─── Raw data ───
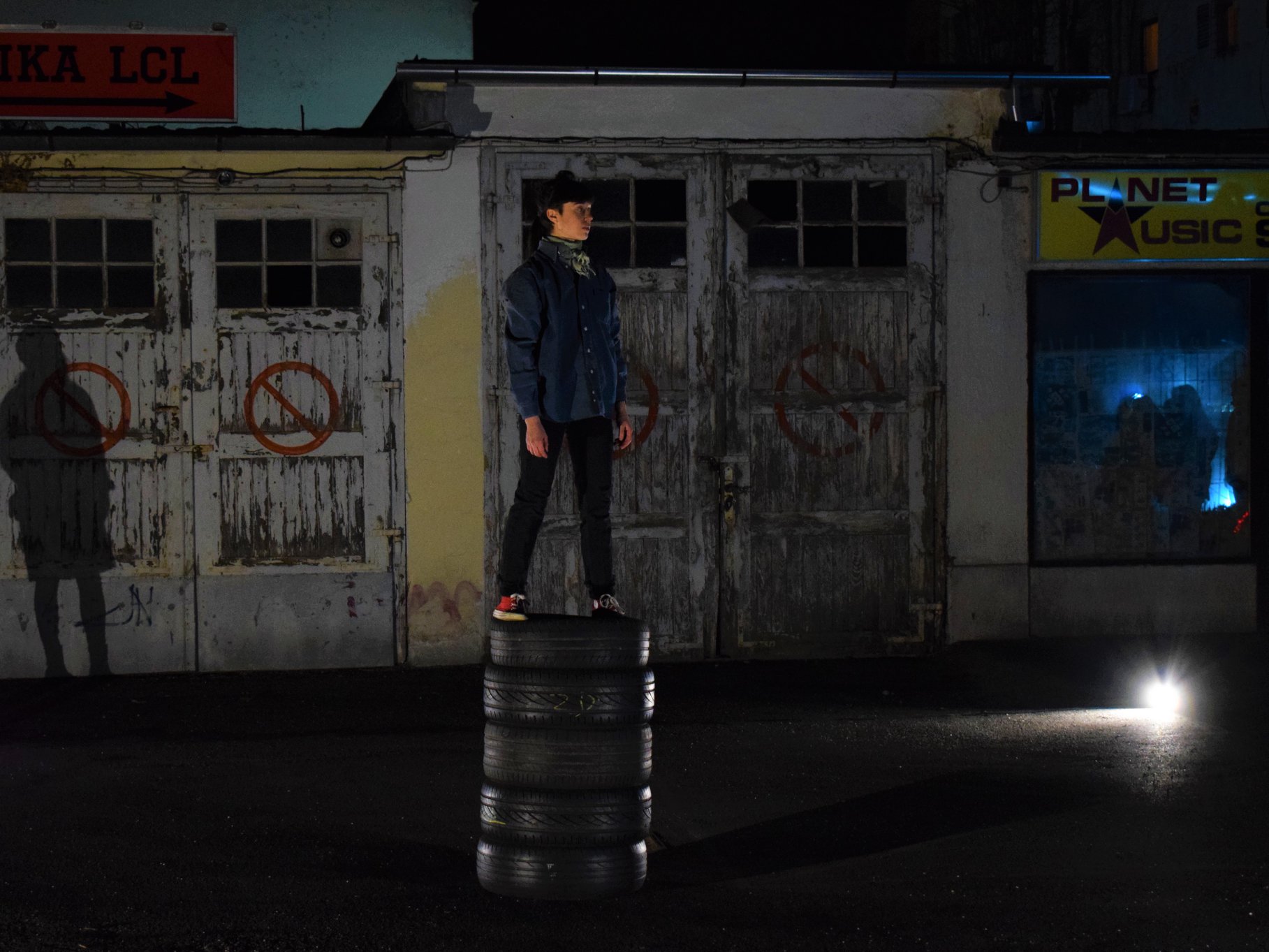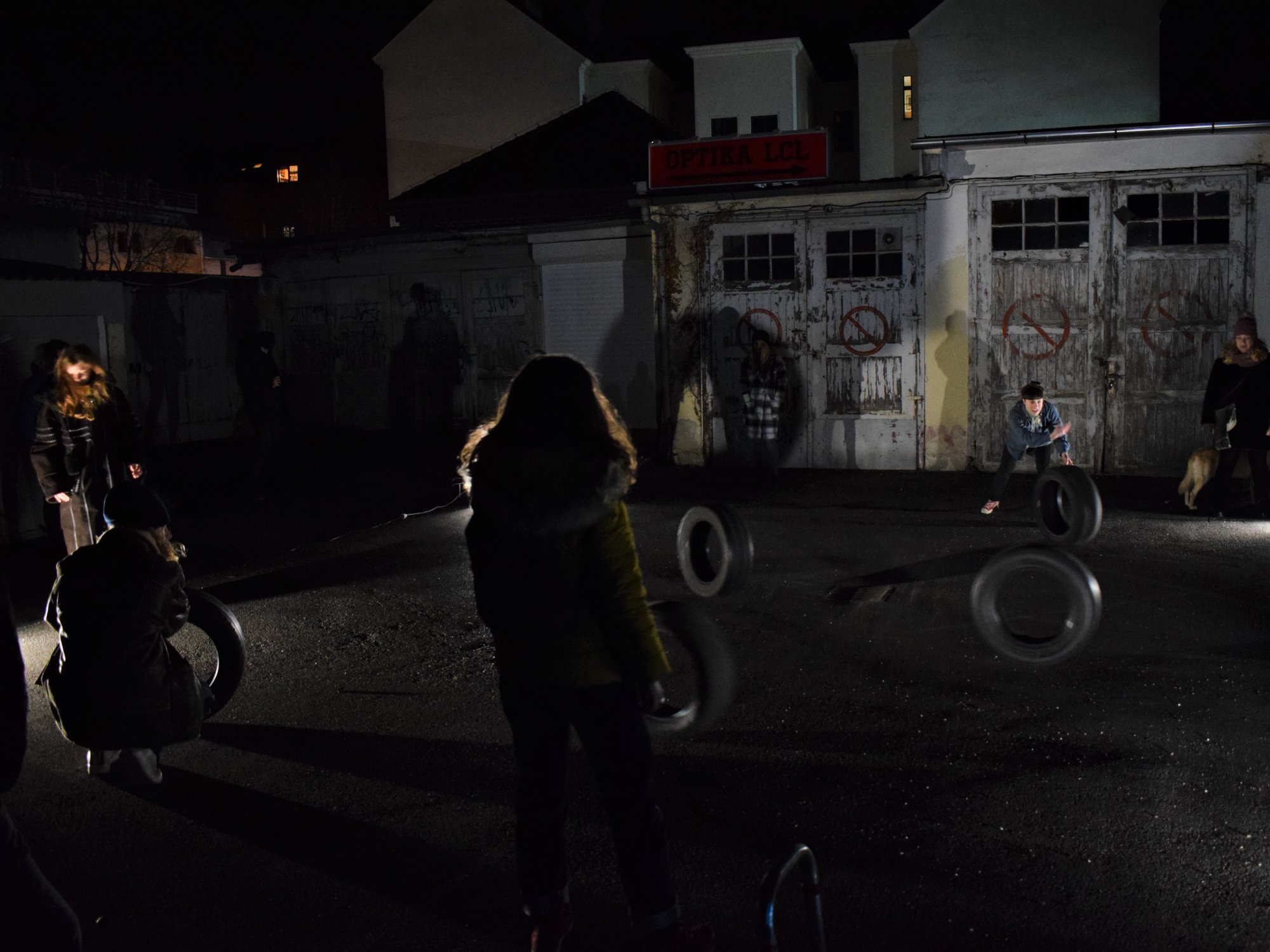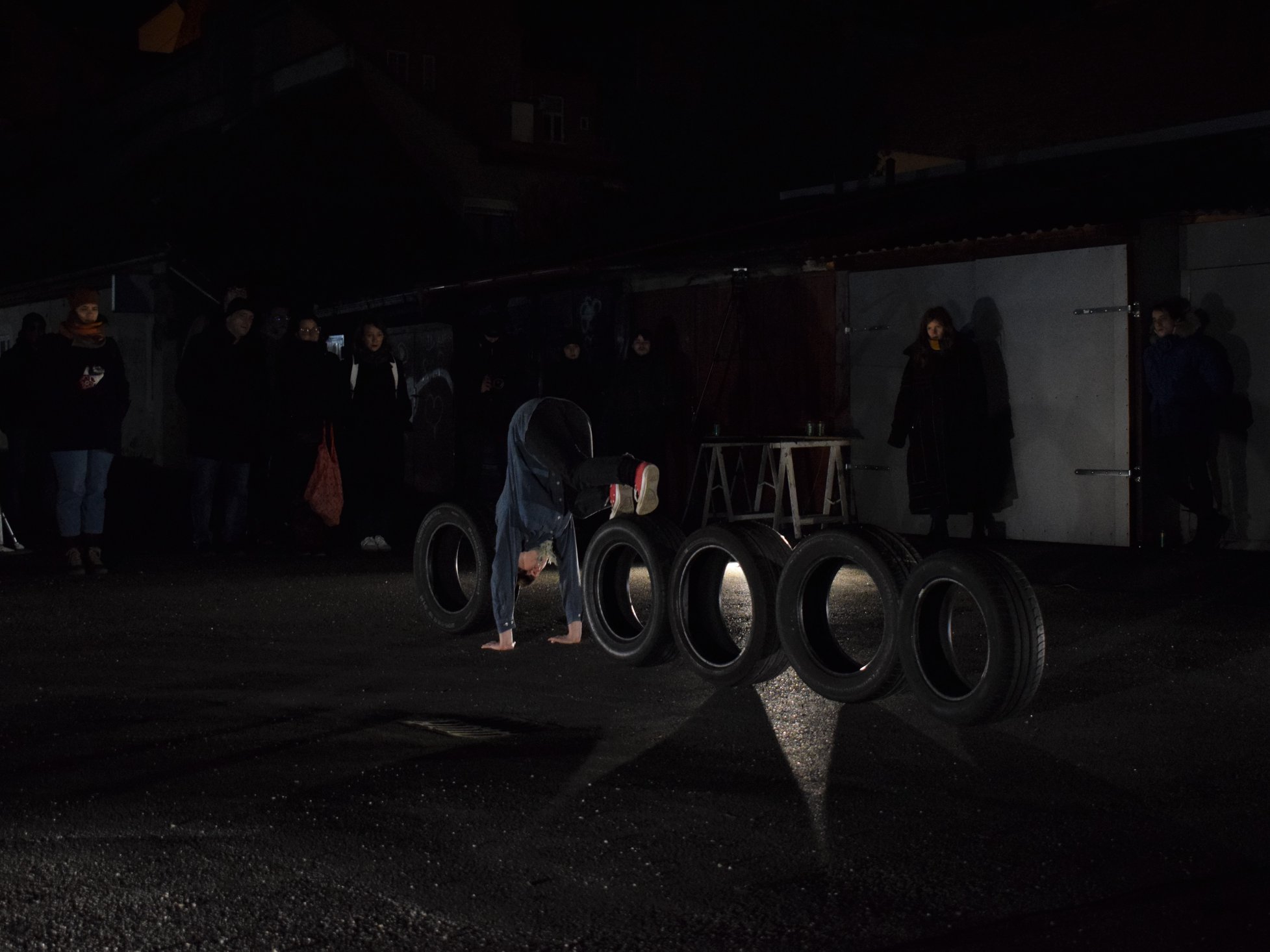 Tapping, scraping, voice, and breath in light, in darkness. Rubber wheels. Rubber, a solid elastic substance obtained by the vulcanization of natural and synthetic rubbers; a rubber tire, the one that gets my hands dirty when it cracks on the freeway away from home; what I always need but never think about. Tired out is a visual and physical participatory act by Israeli artist Darya Efrat, which questions the spontaneous moment of interaction, construction and deconstruction in creating a visual landscape and a point of reflection for performance observers/participants, combining movement, dance, and circus in a dialogue between a woman and a tire. The performance is a part of a residency in Zagreb focused on collecting, developing, processing and sharing the research process that Efrat has collected over the past year.
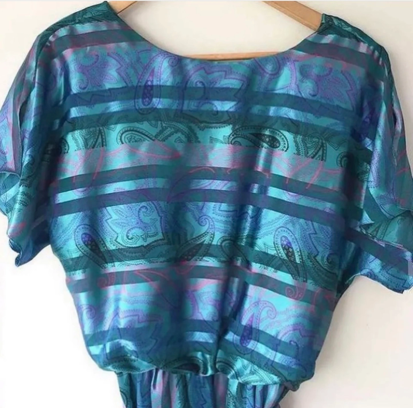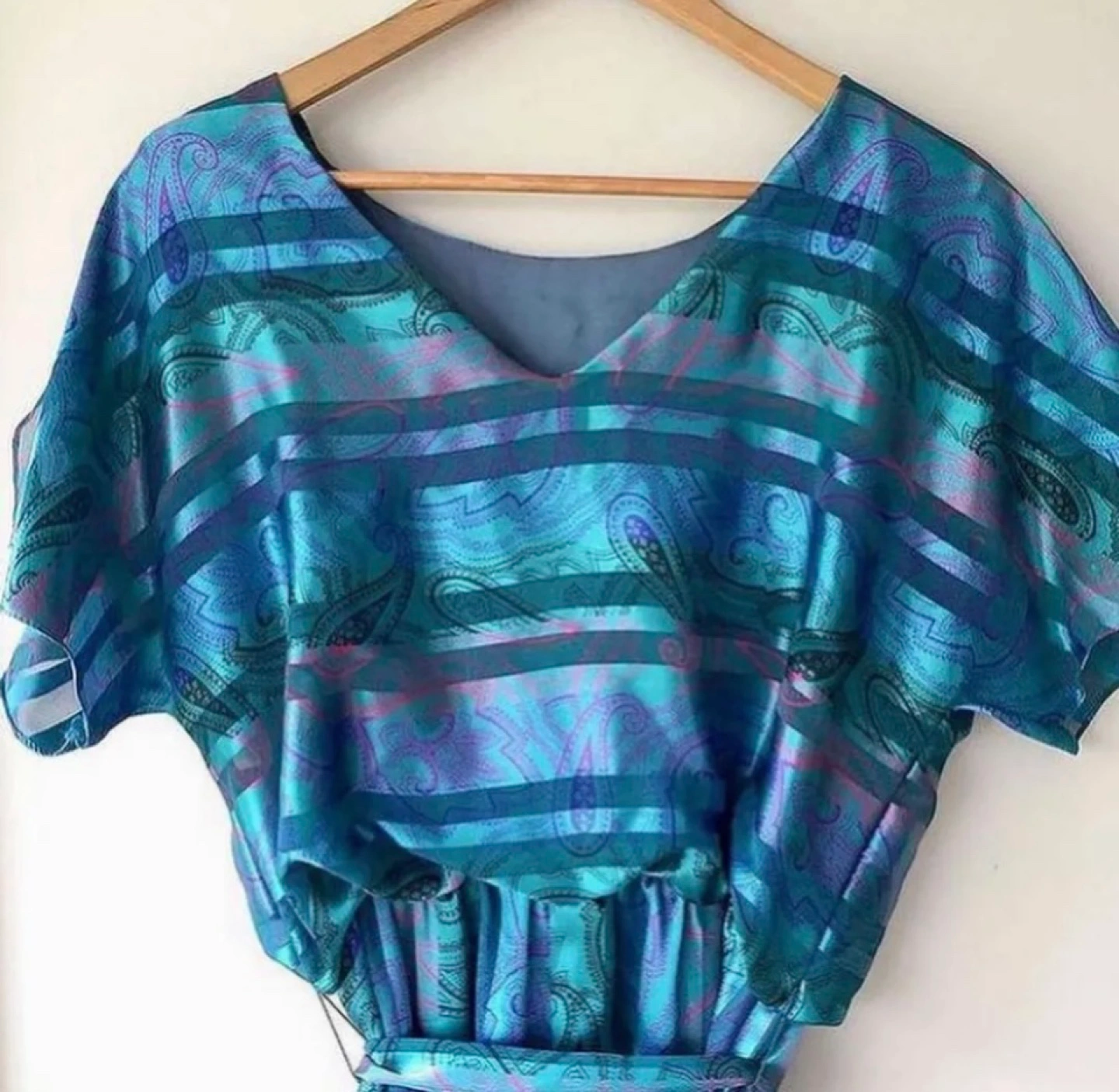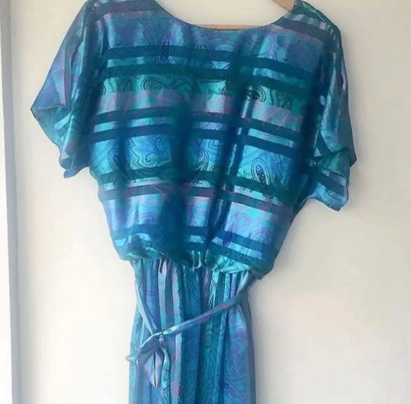 Absolutely stunning blue Vintage Algo-Ette's dress, blue paisley pattern with stripes. Short sleeves, V neck, and tie at the waist.
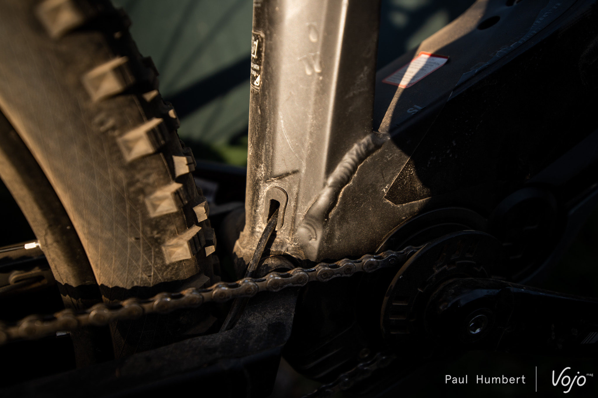 Les câbles et gaines sont intégrés au cadre et le point d’ancrage bas de l’amortisseur vient lui aussi s’intégrer aux lignes du vélo sous le tube de selle.
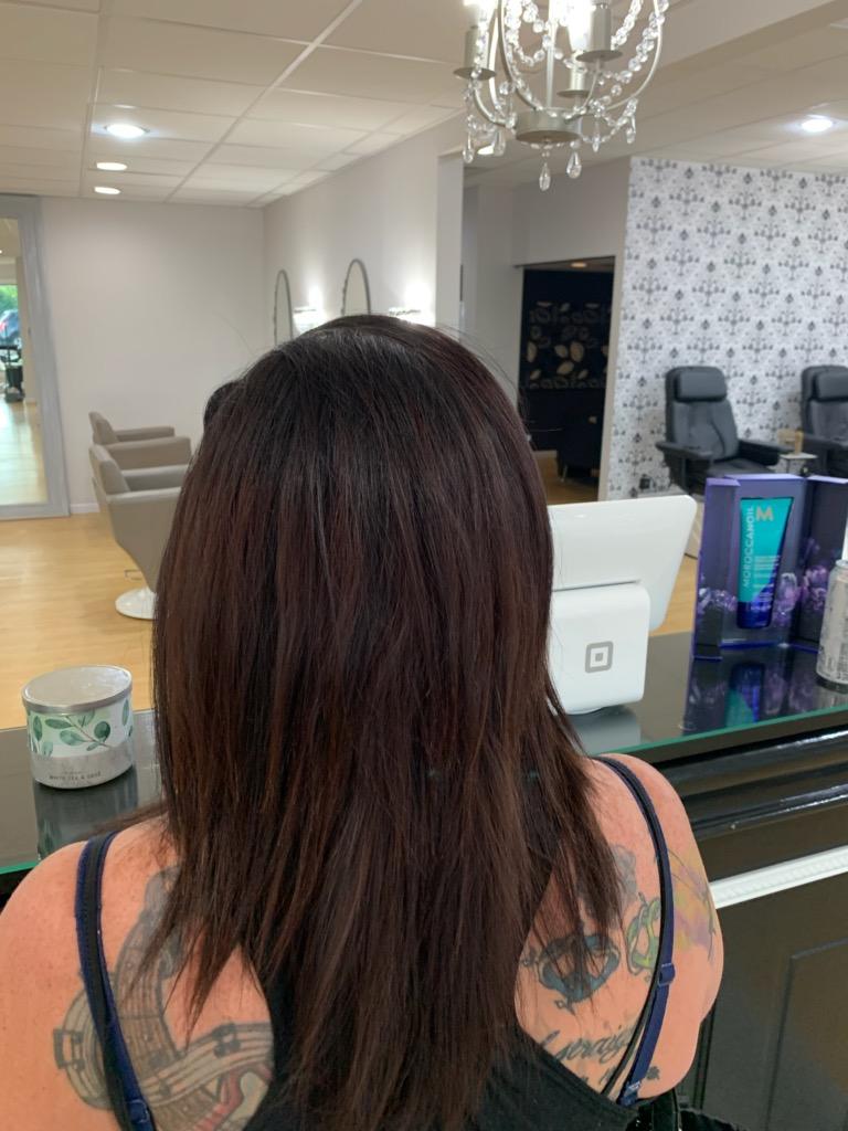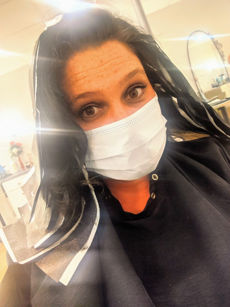 But last week I looked in the mirror and noticed that the dye I had recently put in was already washing out, my ends were shot because I hadn’t even been to get it trimmed since before the shut down in March, and I was overall displeased with my hair’s appearance. I got this idea in the middle of the day at work, and as I was already in the midst of a text conversation with Emma, asked her to recommend someone to me.
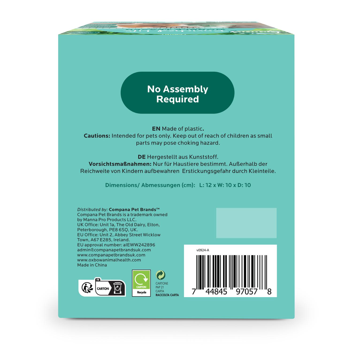 The Oxbow Enriched Life Wobble Teaser is an interactive feeding toy designed to engage small animals. By combining mealtime with play, it promotes both mental and physical stimulation, enhancing your pet’s overall wellbeing. Incorporating the Wobble Teaser can help prevent boredom, promote natural foraging instincts and provide both mental and physical enrichment, contributing to a healthier and happier pet. Engaging way to feed your small animal ? Adjustable opening to control flow.
───
- [Assigned task]: Write the records out exactly, dropping every image.

- [Answer to this exercise]:
 Tapping, scraping, voice, and breath in light, in darkness. Rubber wheels. Rubber, a solid elastic substance obtained by the vulcanization of natural and synthetic rubbers; a rubber tire, the one that gets my hands dirty when it cracks on the freeway away from home; what I always need but never think about. Tired out is a visual and physical participatory act by Israeli artist Darya Efrat, which questions the spontaneous moment of interaction, construction and deconstruction in creating a visual landscape and a point of reflection for performance observers/participants, combining movement, dance, and circus in a dialogue between a woman and a tire. The performance is a part of a residency in Zagreb focused on collecting, developing, processing and sharing the research process that Efrat has collected over the past year.
 Absolutely stunning blue Vintage Algo-Ette's dress, blue paisley pattern with stripes. Short sleeves, V neck, and tie at the waist.
 Les câbles et gaines sont intégrés au cadre et le point d’ancrage bas de l’amortisseur vient lui aussi s’intégrer aux lignes du vélo sous le tube de selle.
 But last week I looked in the mirror and noticed that the dye I had recently put in was already washing out, my ends were shot because I hadn’t even been to get it trimmed since before the shut down in March, and I was overall displeased with my hair’s appearance. I got this idea in the middle of the day at work, and as I was already in the midst of a text conversation with Emma, asked her to recommend someone to me.
 The Oxbow Enriched Life Wobble Teaser is an interactive feeding toy designed to engage small animals. By combining mealtime with play, it promotes both mental and physical stimulation, enhancing your pet’s overall wellbeing. Incorporating the Wobble Teaser can help prevent boredom, promote natural foraging instincts and provide both mental and physical enrichment, contributing to a healthier and happier pet. Engaging way to feed your small animal ? Adjustable opening to control flow.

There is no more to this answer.